### What you have to do
With pictures left out, please repeat word for word the lines from the one containing "Цвет #CDD50B в" through the end of the records.

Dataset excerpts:
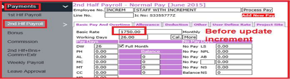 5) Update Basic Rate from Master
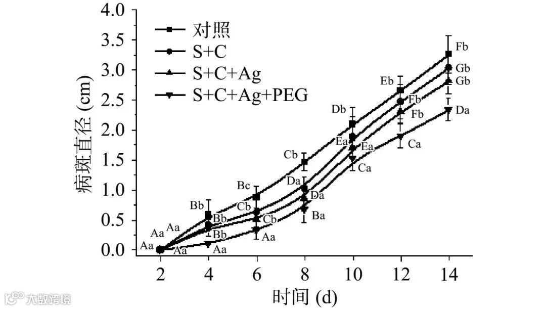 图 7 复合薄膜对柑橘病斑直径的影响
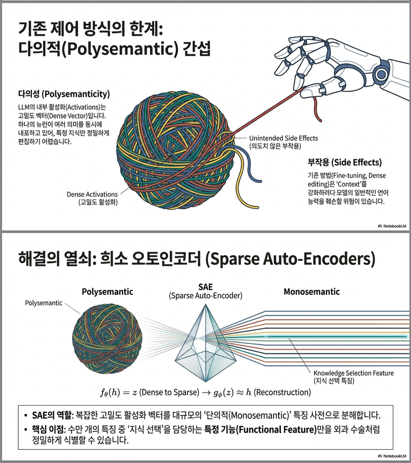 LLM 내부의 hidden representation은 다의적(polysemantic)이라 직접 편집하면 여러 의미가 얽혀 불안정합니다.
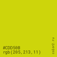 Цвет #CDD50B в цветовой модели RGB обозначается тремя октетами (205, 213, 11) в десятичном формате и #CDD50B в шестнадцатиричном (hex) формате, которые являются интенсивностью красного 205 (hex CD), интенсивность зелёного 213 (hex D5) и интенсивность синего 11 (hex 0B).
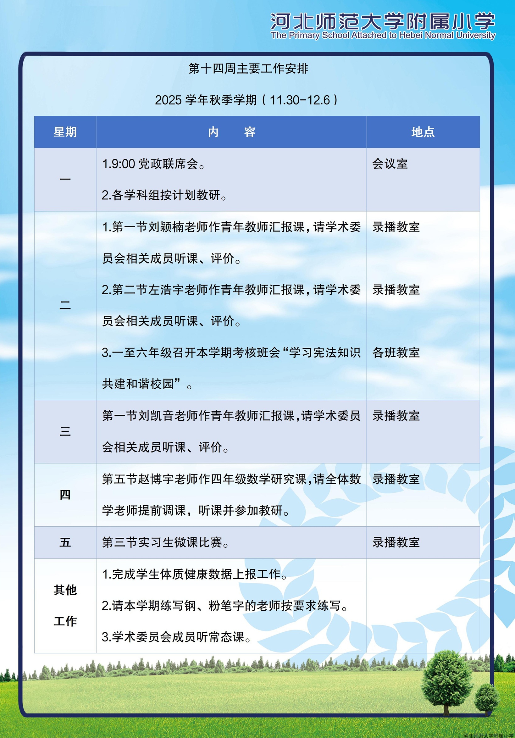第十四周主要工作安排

### Response
 Цвет #CDD50B в цветовой модели RGB обозначается тремя октетами (205, 213, 11) в десятичном формате и #CDD50B в шестнадцатиричном (hex) формате, которые являются интенсивностью красного 205 (hex CD), интенсивность зелёного 213 (hex D5) и интенсивность синего 11 (hex 0B).
第十四周主要工作安排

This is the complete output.